I had very similar symptoms a decade ago. It doesn’t matter what I had because you are not me, I’m not a doctor and you are only reporting part of the evidence a doctor would use to diagnose. I had a systemic disease that most people would have never heard of. I am still alive and healthy, thanks to the medical skills of properly trained people who knew how to use blood tests.
None of us here can diagnose nor help.
Please do as advised and see a doctor soon. Please.

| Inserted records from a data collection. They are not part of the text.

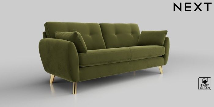 6.12.1 Buy Wilson Buttoned Back 3 Seater Sofa Plush Velvet Easy Clean Mid Olive Green Metal Tapered - Gold from the Next UK online shop Click here to use our accessible website
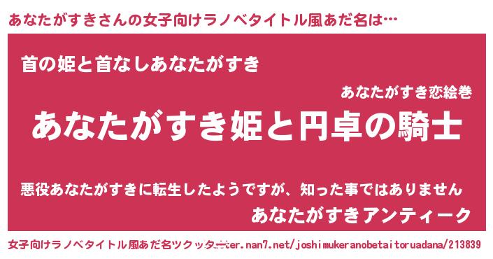| ファンタジー風あだ名 | 『アナフェル』『ゼアナトゥ』 |
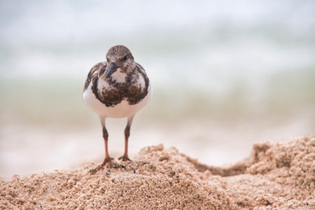 Small ruddy turnstone standing gracefully on a sand dune at a beach in the dominican republic, surrounded by the ocean's beauty
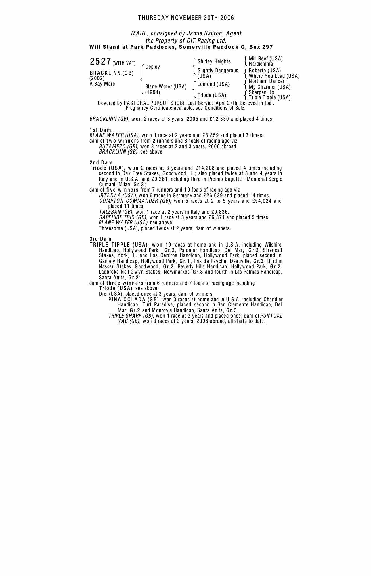 July Sale 2006 lot 237 C. by Observatory (USA) 2004, Grove Farm Stud, Newmarket=>Vendor 1,000 gns
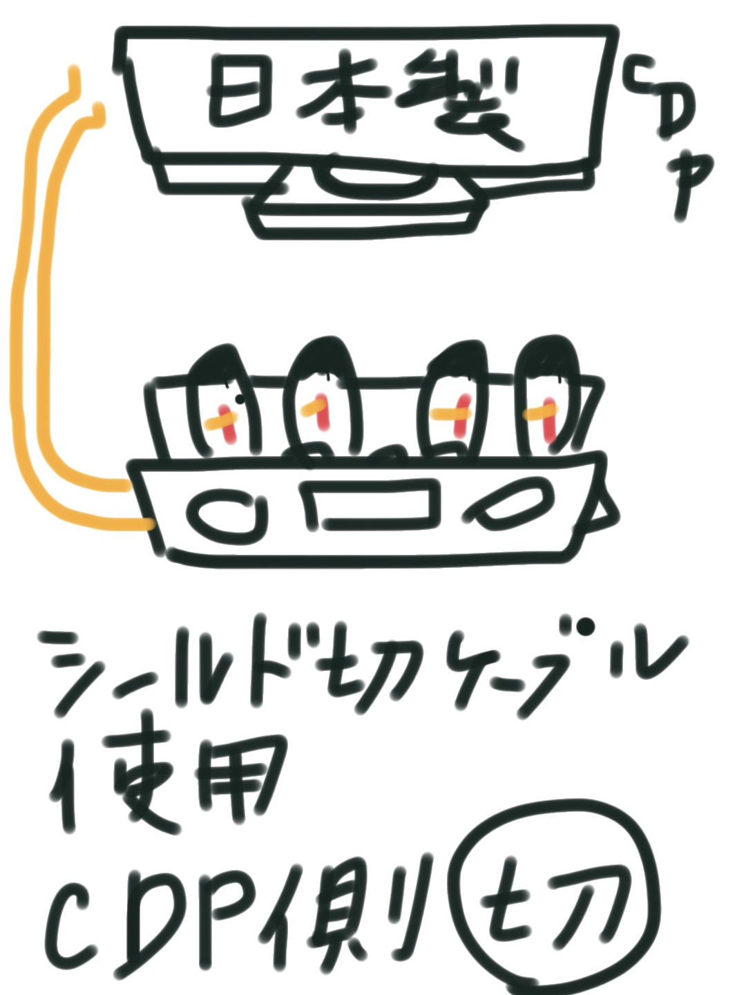 再度言ってしまいますが、バランス接続を使うことは滅多になく、アンバランスケーブルかシールド切りケーブル(※)を使うことがほとんどです。あとは電源アースをどうするか、電源の順番をどうするか・・。
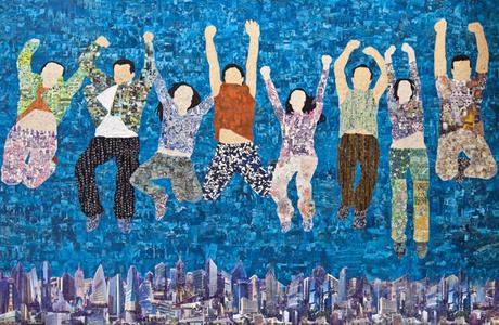 在藝術圈兒,有那么幾位靠玩兒火玩兒出花樣來的,薛松就是其中的一位。薛松的創作過程非常枯燥,把畫冊撕開用火燒,燒成的碎片變成了他作品的語言和素材,然后根據構思粘在畫布上。
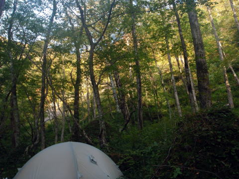 朝日を浴びながら小滝を越えます
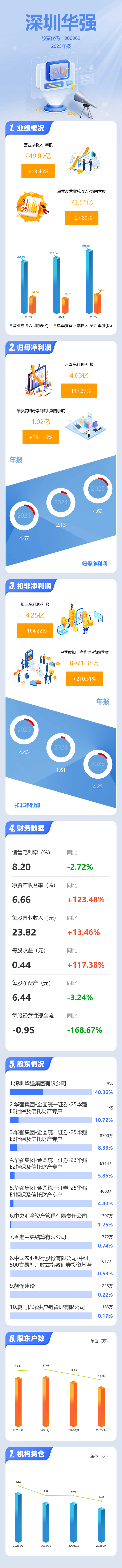 证券之星消息,深圳华强2025年年报显示,当年度公司主营收入249.09亿元,同比上升13.46%;归母净利润4.63亿元,同比上升117.38%;扣非净利润4.25亿元,同比上升164.22%;其中2025年第四季度,公司单季度主营收入72.51亿元,同比上升27.8%;单季度归母净利润1.02亿元,同比上升291.17%;单季度扣非净利润8971.35万元,同比上升210.31%;负债率58.36%,投资收益1706.07万元,财务费用2.24亿元,毛利率8.2%。
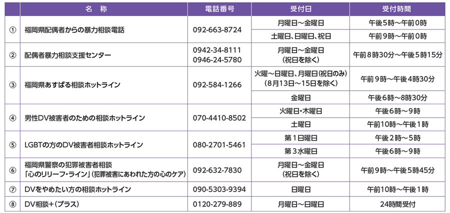 暴力を受けた場合、暴力を受けた人を守る法律や制度があり、法律に基づいた支援が受けられます。1人で悩まず、すぐに相談窓口に連絡しましょう。相談は無料で、秘密は厳守します。
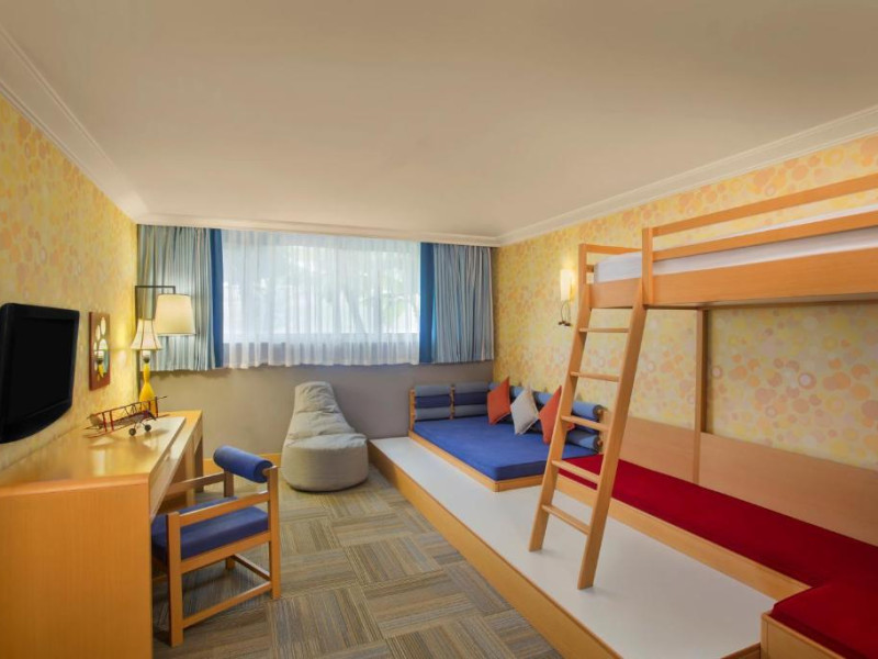 Sports and entertainment: Tennis (for free), billiards (where applicable, for a fee), darts (where applicable, for a fee), table tennis (where applicable, for a fee), mini golf, fitness, beach volleyball and aerobics. At the beach different watersport types such as jet skiing are on offer (partly from local providers). Sauna free of charge. Spa area, whirlpool and massages available for a fee. Steam bath and hamam available (where applicable for a fee). Entertainment for adults: evening shows and live music. In the outside area of the hotel there is a play area for children. Child supervision: mini club for children (from 4 - 11 years) and babysitting (for a fee). Gaming Room.
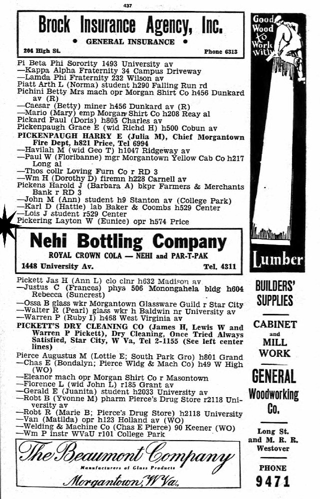 1947 - 574 Price, Morgantown, Monongalia County, West Virginia.

I thought the cure involved four hard-boiled eggs, three cookies, and two fist-sized rocks.
Maybe it’s a tumor.
Sounds like lupus to me.
More seriously, I’d also second Enola Gay’s recommendation to get tested for hypothyroidism. Some of your symptoms sound similar, especially the bit about not eating yet not losing weight, and your difficulties with thermal regulation. Your thyroid regulates your metabolism and has far-reaching effects throughout your body, both physically and mentally.
That said, however, it could be any number of things, so get thee to a physician sooner rather than later. If you can move your appointment up, I would do so.
Have they tested for sarcoidosis?
Plus we can’t be sure the OP isn’t lying. Everyone lies.